China is known for its deep involvement in the cryptocurrency space. In May this year, it was responsible for 80% of the bitcoins mined. Also, during the ICO boom of 2017, 90% of the world’s total bitcoin trading volume came from China. However, recent data suggests that China’s interest in bitcoin is waning.
Baidu’s Search Index for Bitcoin at a New Low
Longhash recently shared a post about Baidu’s search index for Bitcoin. The post shows that Bitcoin searches on the Chinese search engine reached a low of 16,760 on 16th November 2019. Searches for Bitcoin had been at a similar level a month earlier, but they had spiked around the last week of October. The surge in searches maintained itself till the end of October, but then they began declining and eventually reached the low on 16th November.
China’s Volume on LocalBitcoins Also At Its Lowest in 2 Years
Corroborating the theory that China’s interest in Bitcoin is dwindling is the fact that China’s volume on LocalBitcoins recently hit a 2-year low. Bitcoin’s volume for the week beginning 2nd November 2019 was 10,154,664. The last time Bitcoin had experienced such low volume was in February 2018. Even for the week of 16th November 2019, the volume has been modest – 11,281,712.
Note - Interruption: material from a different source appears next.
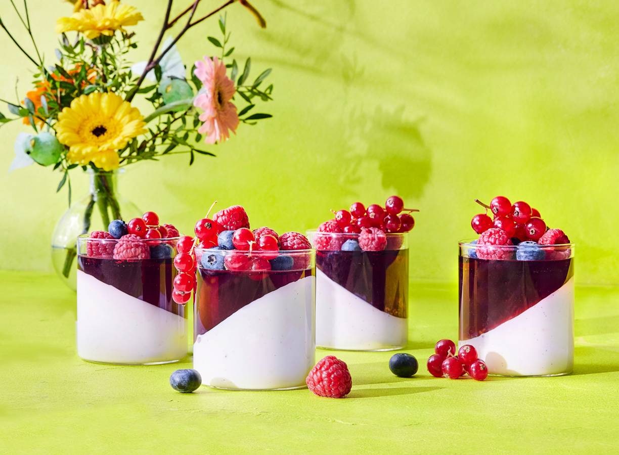 Verdeel voor het serveren het verse fruit over de panna cotta.

It can be deduced from all these indicators that China’s interest in Bitcoin seems to have taken a backseat.
But, Why is it Happening?
The most probable reasons for this decline in Chinese interest in Bitcoin are likely to be China’s stance on Bitcoin. In April, the China’s State Macroeconomic Planning Agency was mulling a ban on crypto-mining. However, it recently confirmed that there would be no ban on bitcoin mining.
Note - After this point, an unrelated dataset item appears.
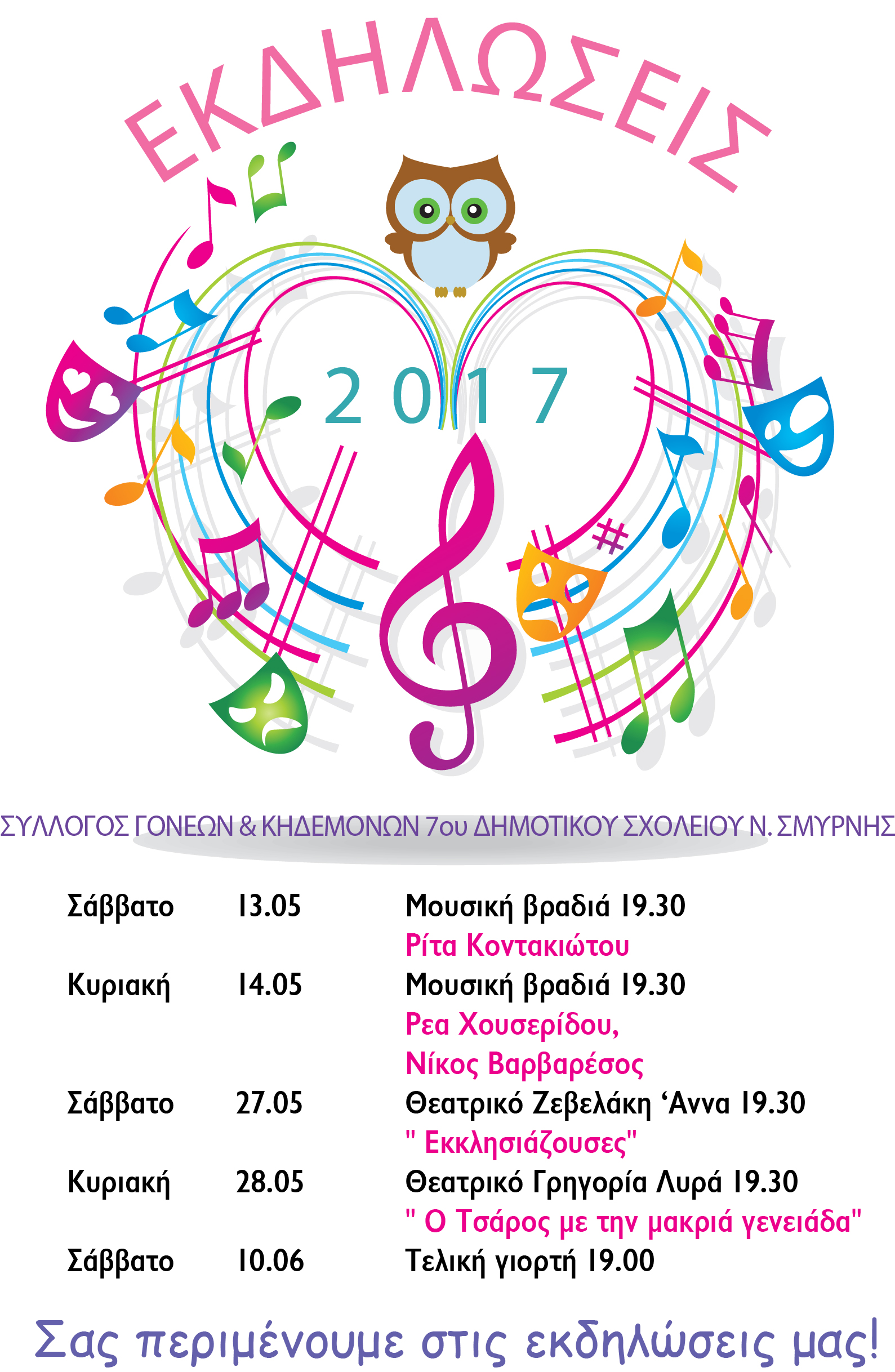 Μουσικές Βραδιές αλλά θεατρικά δρώμενα έχει μεταξύ άλλων η χρονιά που κλείνει στο 7ο Δημοτικό της πόλης. Δείτε το πρόγραμμα όπως το οργανώνει και το παρουσιάζει ο Σύλλογος Γονέων και Κηδεμόνων

However, China doesn’t seem to have any plans of embracing Bitcoin any further. In fact, it recently banned Binance and Tron on its largest micro-blogging service Weibo. It banned the official accounts of both the cryptocurrency companies in what appears to be a fresh crackdown on crypto.
China’s state channel, CCTV also released an investigative report on the state of Bitcoin (BTC) and crypto in the country on Nov. 18. Dovey Wan, Founding partner at Primitive Capital, revealed that the report was warning citizens against investing in these “unregulated securities” terming them a “financial fraud and an illegal Ponzi scheme”.
Also, China’s central bank, People’s Bank of China (PBoC), is gearing to launch its own yuan-backed digital currency, which seems to have stolen the spotlight from bitcoin as people eagerly await it.